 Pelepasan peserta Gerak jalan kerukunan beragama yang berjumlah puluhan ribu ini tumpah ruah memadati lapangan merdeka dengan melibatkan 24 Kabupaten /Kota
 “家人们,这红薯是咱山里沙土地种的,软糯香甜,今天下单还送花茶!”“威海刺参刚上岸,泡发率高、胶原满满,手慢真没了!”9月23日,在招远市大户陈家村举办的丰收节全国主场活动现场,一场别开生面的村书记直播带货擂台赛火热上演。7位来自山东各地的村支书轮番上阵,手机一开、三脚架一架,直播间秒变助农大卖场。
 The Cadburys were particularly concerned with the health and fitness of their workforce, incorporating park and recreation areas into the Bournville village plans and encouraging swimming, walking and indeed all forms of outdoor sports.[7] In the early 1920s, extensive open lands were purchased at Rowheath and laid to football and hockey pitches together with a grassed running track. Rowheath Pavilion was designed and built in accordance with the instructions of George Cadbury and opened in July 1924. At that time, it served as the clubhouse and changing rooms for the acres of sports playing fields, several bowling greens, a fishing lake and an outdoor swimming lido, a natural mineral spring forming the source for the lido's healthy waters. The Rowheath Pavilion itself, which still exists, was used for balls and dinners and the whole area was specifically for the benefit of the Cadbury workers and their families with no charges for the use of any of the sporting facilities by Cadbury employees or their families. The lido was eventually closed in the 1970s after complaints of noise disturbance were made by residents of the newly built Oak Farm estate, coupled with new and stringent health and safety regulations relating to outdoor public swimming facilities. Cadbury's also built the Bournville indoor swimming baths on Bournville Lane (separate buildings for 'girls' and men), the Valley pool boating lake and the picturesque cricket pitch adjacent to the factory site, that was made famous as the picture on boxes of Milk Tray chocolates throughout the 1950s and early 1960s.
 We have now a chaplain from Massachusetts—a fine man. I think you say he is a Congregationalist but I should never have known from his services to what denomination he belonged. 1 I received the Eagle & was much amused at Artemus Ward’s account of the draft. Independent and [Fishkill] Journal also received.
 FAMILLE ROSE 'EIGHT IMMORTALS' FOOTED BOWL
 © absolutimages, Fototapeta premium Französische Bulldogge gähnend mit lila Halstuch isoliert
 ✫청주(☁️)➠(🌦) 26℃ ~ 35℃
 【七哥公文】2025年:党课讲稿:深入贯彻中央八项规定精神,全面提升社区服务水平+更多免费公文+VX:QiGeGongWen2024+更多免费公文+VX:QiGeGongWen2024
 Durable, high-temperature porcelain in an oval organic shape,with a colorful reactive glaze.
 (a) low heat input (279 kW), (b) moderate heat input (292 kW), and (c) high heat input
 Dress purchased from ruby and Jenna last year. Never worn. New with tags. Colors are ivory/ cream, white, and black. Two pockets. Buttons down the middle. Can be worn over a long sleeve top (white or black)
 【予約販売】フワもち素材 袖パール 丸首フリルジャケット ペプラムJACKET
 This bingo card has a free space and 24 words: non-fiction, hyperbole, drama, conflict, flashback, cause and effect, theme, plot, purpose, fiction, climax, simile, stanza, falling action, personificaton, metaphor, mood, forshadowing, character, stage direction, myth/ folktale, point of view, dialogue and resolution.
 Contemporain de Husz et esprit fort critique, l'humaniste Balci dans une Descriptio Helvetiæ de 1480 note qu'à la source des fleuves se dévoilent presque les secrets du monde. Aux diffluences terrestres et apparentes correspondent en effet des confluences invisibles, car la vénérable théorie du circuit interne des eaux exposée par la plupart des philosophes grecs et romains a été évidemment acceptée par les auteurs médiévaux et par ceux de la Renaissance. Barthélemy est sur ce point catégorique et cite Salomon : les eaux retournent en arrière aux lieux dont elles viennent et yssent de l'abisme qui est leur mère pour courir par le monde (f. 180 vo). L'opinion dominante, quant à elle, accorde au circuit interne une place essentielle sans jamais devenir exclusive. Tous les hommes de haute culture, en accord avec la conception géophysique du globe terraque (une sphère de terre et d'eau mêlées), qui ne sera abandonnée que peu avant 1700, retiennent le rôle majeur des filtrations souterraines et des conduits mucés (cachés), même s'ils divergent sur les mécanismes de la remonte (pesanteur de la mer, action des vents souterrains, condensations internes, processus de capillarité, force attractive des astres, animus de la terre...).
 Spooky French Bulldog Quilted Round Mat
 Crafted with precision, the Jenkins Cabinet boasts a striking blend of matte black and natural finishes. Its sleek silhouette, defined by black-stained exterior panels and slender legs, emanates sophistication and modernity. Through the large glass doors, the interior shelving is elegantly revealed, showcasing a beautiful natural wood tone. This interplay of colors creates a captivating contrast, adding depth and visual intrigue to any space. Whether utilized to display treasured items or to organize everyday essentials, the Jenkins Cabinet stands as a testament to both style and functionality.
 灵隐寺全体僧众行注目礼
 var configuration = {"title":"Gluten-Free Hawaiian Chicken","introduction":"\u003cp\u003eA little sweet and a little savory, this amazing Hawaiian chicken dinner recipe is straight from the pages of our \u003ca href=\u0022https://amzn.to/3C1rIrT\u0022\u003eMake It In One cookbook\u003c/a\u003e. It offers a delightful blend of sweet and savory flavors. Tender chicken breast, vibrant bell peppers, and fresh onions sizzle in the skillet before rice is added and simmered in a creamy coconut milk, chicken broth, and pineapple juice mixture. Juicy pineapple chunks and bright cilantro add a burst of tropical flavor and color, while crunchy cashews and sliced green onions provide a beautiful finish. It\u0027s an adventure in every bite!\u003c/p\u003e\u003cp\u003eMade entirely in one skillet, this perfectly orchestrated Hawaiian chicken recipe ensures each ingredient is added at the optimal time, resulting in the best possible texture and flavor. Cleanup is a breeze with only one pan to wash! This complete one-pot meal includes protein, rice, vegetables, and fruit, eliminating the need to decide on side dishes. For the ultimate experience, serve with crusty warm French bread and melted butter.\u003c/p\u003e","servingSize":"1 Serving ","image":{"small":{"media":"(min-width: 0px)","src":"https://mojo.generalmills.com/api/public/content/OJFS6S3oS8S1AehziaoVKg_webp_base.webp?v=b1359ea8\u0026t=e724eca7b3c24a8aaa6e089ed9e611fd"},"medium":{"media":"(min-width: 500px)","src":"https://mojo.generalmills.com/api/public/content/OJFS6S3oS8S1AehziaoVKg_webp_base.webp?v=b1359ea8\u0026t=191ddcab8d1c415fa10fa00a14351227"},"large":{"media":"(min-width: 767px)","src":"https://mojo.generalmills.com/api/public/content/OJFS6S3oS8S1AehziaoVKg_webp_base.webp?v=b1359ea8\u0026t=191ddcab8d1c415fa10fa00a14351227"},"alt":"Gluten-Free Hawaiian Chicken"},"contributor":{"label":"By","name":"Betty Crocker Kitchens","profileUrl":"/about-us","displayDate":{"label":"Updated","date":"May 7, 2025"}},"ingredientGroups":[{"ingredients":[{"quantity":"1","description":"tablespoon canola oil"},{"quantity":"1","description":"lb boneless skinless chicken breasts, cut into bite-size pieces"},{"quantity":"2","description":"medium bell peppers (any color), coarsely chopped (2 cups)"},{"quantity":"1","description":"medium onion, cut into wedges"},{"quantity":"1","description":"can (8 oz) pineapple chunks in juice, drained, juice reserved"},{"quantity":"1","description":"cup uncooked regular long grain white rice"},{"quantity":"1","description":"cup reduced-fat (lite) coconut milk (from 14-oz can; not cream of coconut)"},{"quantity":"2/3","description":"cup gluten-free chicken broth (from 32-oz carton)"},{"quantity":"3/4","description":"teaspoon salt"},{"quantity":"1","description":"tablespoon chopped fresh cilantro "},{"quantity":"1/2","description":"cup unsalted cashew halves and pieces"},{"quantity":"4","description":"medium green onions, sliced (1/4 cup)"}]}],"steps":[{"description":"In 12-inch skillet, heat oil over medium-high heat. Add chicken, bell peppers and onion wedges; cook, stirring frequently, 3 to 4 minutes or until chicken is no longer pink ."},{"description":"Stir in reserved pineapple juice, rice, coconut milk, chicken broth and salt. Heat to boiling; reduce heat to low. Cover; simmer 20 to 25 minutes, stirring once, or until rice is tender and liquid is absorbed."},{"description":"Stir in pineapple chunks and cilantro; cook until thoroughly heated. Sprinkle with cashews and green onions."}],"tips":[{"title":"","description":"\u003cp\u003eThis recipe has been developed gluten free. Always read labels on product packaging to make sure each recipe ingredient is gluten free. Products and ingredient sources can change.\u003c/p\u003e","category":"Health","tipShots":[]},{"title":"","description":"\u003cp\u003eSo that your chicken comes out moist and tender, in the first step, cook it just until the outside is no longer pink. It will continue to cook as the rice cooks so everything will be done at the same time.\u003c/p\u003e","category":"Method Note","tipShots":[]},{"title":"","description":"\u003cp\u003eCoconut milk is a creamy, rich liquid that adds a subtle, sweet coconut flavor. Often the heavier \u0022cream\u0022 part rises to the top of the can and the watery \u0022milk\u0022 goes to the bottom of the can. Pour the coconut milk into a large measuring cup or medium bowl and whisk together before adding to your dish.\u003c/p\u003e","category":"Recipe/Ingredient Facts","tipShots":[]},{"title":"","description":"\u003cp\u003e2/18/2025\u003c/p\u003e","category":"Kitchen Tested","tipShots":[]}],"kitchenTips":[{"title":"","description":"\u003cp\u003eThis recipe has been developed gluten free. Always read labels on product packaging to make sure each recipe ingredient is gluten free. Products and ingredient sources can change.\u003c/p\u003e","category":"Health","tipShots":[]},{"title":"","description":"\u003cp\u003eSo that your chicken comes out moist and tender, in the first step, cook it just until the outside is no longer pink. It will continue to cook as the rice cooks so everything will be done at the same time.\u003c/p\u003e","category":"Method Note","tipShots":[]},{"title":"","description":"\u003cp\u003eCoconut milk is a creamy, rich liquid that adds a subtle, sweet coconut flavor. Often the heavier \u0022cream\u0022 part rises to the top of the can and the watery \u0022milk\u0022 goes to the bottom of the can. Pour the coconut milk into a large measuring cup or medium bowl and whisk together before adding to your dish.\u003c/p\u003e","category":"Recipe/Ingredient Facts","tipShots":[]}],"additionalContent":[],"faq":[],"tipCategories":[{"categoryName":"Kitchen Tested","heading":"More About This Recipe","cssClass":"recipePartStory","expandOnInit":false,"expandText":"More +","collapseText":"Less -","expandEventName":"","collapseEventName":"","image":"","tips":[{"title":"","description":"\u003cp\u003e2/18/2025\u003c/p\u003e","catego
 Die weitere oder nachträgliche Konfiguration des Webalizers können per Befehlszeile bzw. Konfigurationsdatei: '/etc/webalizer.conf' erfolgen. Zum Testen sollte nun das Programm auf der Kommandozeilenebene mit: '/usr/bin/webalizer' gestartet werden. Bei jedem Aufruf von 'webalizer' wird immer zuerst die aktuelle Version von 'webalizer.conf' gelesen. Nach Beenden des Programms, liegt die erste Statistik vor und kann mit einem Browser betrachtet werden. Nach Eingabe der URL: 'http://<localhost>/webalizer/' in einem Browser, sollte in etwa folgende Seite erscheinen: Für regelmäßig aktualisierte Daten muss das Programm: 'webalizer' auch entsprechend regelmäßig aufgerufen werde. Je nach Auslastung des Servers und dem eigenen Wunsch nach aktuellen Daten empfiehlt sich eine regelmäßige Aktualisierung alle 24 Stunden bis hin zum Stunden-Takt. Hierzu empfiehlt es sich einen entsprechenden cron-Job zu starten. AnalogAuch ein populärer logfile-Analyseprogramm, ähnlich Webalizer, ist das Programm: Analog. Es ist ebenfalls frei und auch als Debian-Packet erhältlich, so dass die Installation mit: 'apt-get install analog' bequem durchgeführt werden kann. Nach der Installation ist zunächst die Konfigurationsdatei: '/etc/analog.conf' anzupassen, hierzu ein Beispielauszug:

* **TASK TO COMPLETE**
Above are the records; print exactly the lines from the line with "Durable, high-temperature porcelain" to the line with "袖パール 丸首フリルジャケット ペプラムJACKET", including both, and nothing else.

* **TASK RESPONSE**
 Durable, high-temperature porcelain in an oval organic shape,with a colorful reactive glaze.
 (a) low heat input (279 kW), (b) moderate heat input (292 kW), and (c) high heat input
 Dress purchased from ruby and Jenna last year. Never worn. New with tags. Colors are ivory/ cream, white, and black. Two pockets. Buttons down the middle. Can be worn over a long sleeve top (white or black)
 【予約販売】フワもち素材 袖パール 丸首フリルジャケット ペプラムJACKET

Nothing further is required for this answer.